Terug op de kamer. Tegenover mij een sympathieke stoere militair, de opgewektheid zelve, maar vreemd genoeg ernstig bang voor bloed. Verder een wat achterdochtige man die alleen maar klaagde en waar mogelijk rookte. Hoe word je hartpatiënt. Mijn naaste buurman was een zestiger die nog nooit in het ziekenhuis had gelegen. Ruim een week geleden ineengezakt en nu al dagen onderwerp van uitgebreid onderzoek. Elke ochtend was hij ruim voor zevenen volledig aangekleed en ruimde hij de tijdschriften in de kamer tot ordelijke stapeltjes op. Zo heb je vastigheid in een onbekende omgeving. Nu wachtte hem een operatie, voor het eerst kennelijk, en dat viel zwaar. Zacht huilen. Maar daar verscheen dan toch een heuse engel, in de vorm van zuster Elske. En zuster Elske wist op hartverwarmende wijze mijn ontredderde kamergenoot te troosten. Kijk, dan weet je toch dat je in goede handen bent. Ze bestaan dusw nog, die engelen.

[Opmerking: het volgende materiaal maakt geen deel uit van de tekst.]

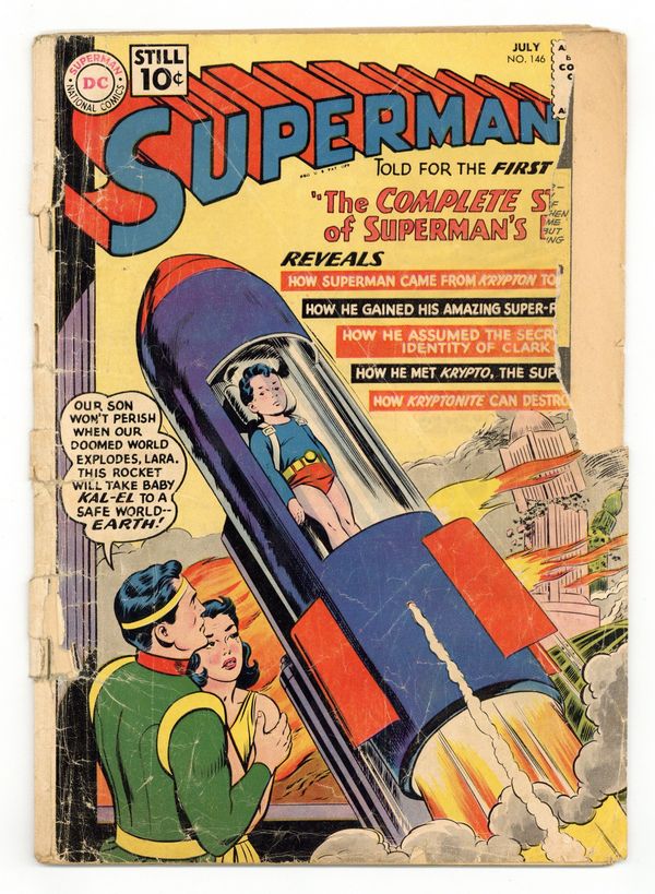 Tags: Superman$27.50- 2 1/2" cumulative spine split. Lateral spine tears. Cover detached. Water damage. Staple rust.

Zo kropen de slapeloze nachten voorbij. Nachten waarin je je beschermd wist. De laatste ochtend lag ik daar voor een afsluitende controle achter het gordijn in Adamskostuum op bed, als het lichaam uit het schilderij van de Anatomische les van Dokter Tulp, ten aanschouwen van een geïnteresseerd toekijkend gezelschap van zeker tien doktoren, verpleegkundigen en assistenten. Onbekommerd beblikte men mijn gemartelde liezen, waar men een tot een zielig stekje verschrompelde sequoia ontwaarde temidden van de donkerblauw geblakerde resten van een verbrand bos. Hoe nietig kan men zich voelen. Ecce homo.
En nu weer thuis dus. Wel even wennen, zo’n eerste nacht zonder veilige bliepjes, zonder een over je wakend team van deskundigen. Hoe snel krijg je een band met je kamergenoten, ook met de mopperaar. Ach ja, samen bang zijn schept ook een band. Ik zal ze nog missen. Hoe stoer ook, we blijven wel mannen. Kleine hartjes dus, waar hopelijk met succes aan is gesleuteld.
Bedankt, personeel van de afdeling electrofysiologie van het UMC.
En zuster Elske, daar mogen er nog velen van zijn.